Work to be completed:
Go through the records and transcribe them exactly, passing over any picture.

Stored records
_ _ _ _ _

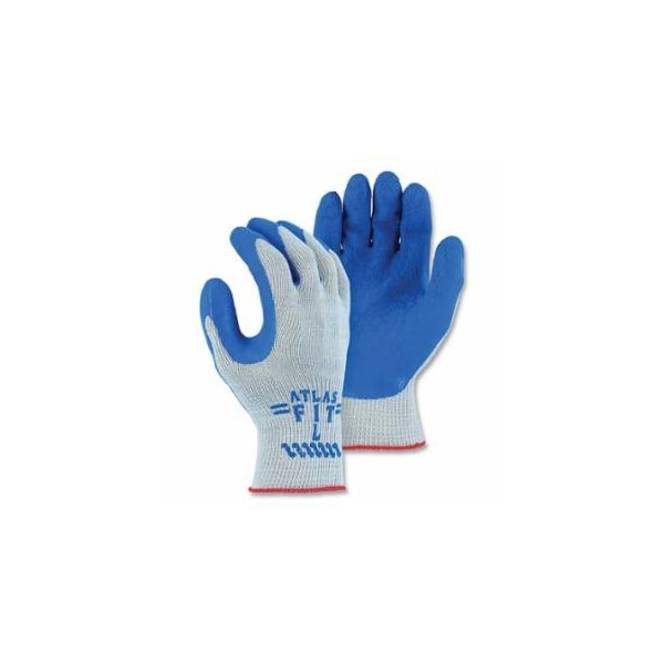 Atlas Palm Dipped Gloves, 9/Medium, Gray with Blue Coating, 12PK
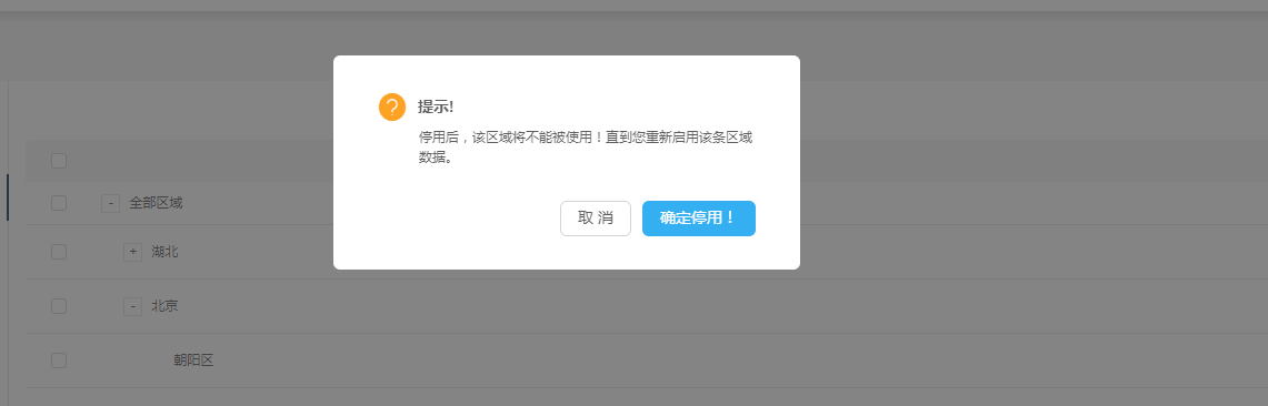 ——点击列表操作列【停用】按钮,弹出停用区域确认框,点击确定停用,区域停用成功,列表中该区域状态变为停用,【停用】按钮变为【启用】;点击取消按钮,区域未停用,确认框消失
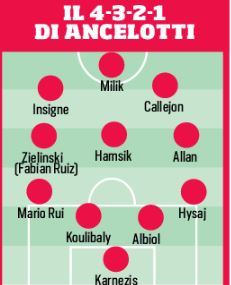 ATTACCO. Che sia albero di Natale, che sia tridente, sembra quasi tutto scritto, anche perché Mertens è tornato da una decina di giorni e dunque non ha ancora gamba a sufficienza per sfidare i suoi compagni di reparto. E allora: a destra ci sta Callejon, magari largo o anche un po’ più stretto; e il suo omologo, sull’altro fronte, sarà Insigne. La punta, ma non si scappa da questa scelta, diventa Arkadiusz Milik, due sole partite da titolare nelle ultime sei gare della passata stagione.
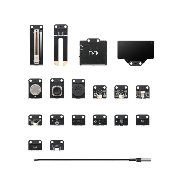 Ресурсный набор к программируемому в Arduino-подобной среде контроллеру HaloCode (нет в составе) для изучение основ искусственного интеллекта и интернета вещей, содержащий 18 электронных модулей mBuild и 7 типов аксессуаров к ним. С помощью набора обучающиеся могут изучать ИИ, интернет вещей, применять технологии в повседневной жизни и выполнять увлекательные проекты с помощью датчиков и визуального программирования. Модули программируются как на визуальном языке, так и на Python. Конструктивно модули совместимы с Makeblock и Lego.
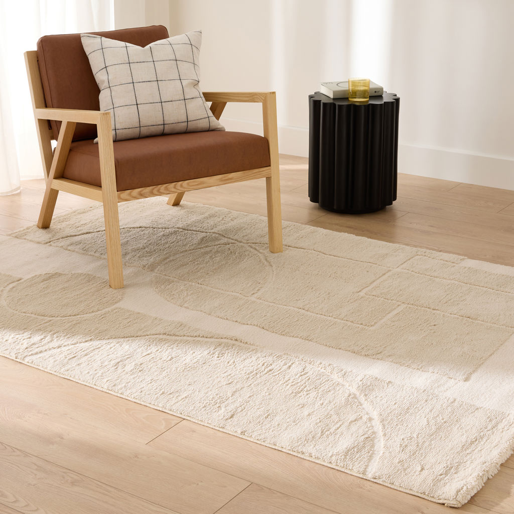 Découvrez le confort et le style avec notre tapis Sherpa, doté d'un design minimaliste dans des tons crème ivoire.
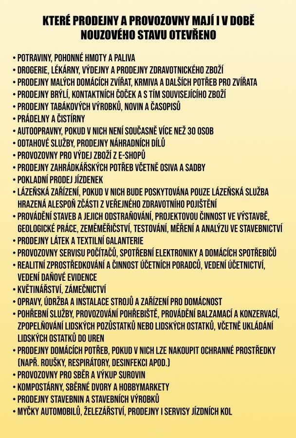 Později dostaly výjimku květinářství, galanterie, zámečnictví, opravny domácích spotřebičů či myčky aut.
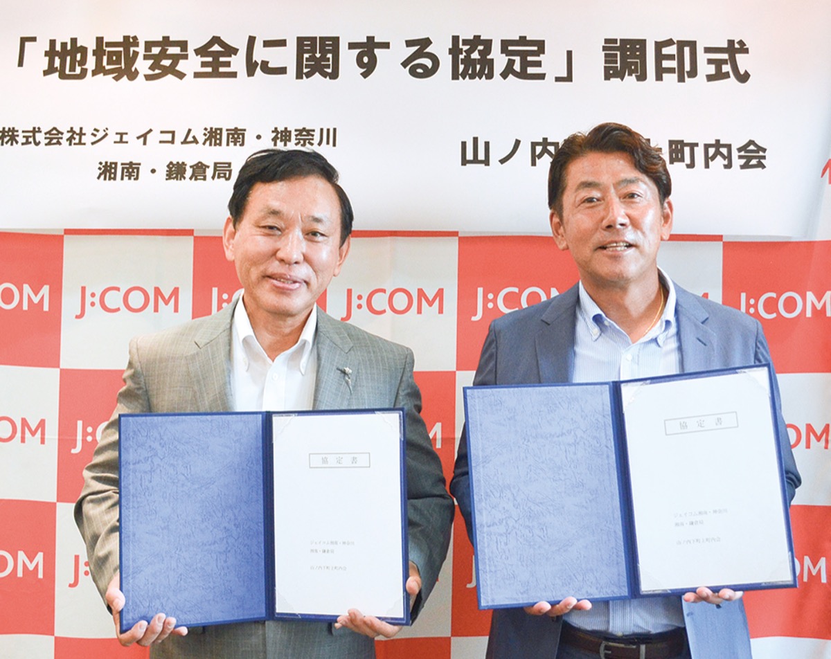 株式会社ジェイコム湘南・神奈川 湘南・鎌倉局(秋本一茂局長)と山ノ内下町上町内会(柴田勝五会長)は、地域安全に関する協定を8月28日に締結した=写真。鎌倉市内では、昨年12月の山ノ内下町下町内会に続き、2カ所目。

_ _ _ _ _

Solved problem:
 Atlas Palm Dipped Gloves, 9/Medium, Gray with Blue Coating, 12PK
 ——点击列表操作列【停用】按钮,弹出停用区域确认框,点击确定停用,区域停用成功,列表中该区域状态变为停用,【停用】按钮变为【启用】;点击取消按钮,区域未停用,确认框消失
 ATTACCO. Che sia albero di Natale, che sia tridente, sembra quasi tutto scritto, anche perché Mertens è tornato da una decina di giorni e dunque non ha ancora gamba a sufficienza per sfidare i suoi compagni di reparto. E allora: a destra ci sta Callejon, magari largo o anche un po’ più stretto; e il suo omologo, sull’altro fronte, sarà Insigne. La punta, ma non si scappa da questa scelta, diventa Arkadiusz Milik, due sole partite da titolare nelle ultime sei gare della passata stagione.
 Ресурсный набор к программируемому в Arduino-подобной среде контроллеру HaloCode (нет в составе) для изучение основ искусственного интеллекта и интернета вещей, содержащий 18 электронных модулей mBuild и 7 типов аксессуаров к ним. С помощью набора обучающиеся могут изучать ИИ, интернет вещей, применять технологии в повседневной жизни и выполнять увлекательные проекты с помощью датчиков и визуального программирования. Модули программируются как на визуальном языке, так и на Python. Конструктивно модули совместимы с Makeblock и Lego.
 Découvrez le confort et le style avec notre tapis Sherpa, doté d'un design minimaliste dans des tons crème ivoire.
 Později dostaly výjimku květinářství, galanterie, zámečnictví, opravny domácích spotřebičů či myčky aut.
 株式会社ジェイコム湘南・神奈川 湘南・鎌倉局(秋本一茂局長)と山ノ内下町上町内会(柴田勝五会長)は、地域安全に関する協定を8月28日に締結した=写真。鎌倉市内では、昨年12月の山ノ内下町下町内会に続き、2カ所目。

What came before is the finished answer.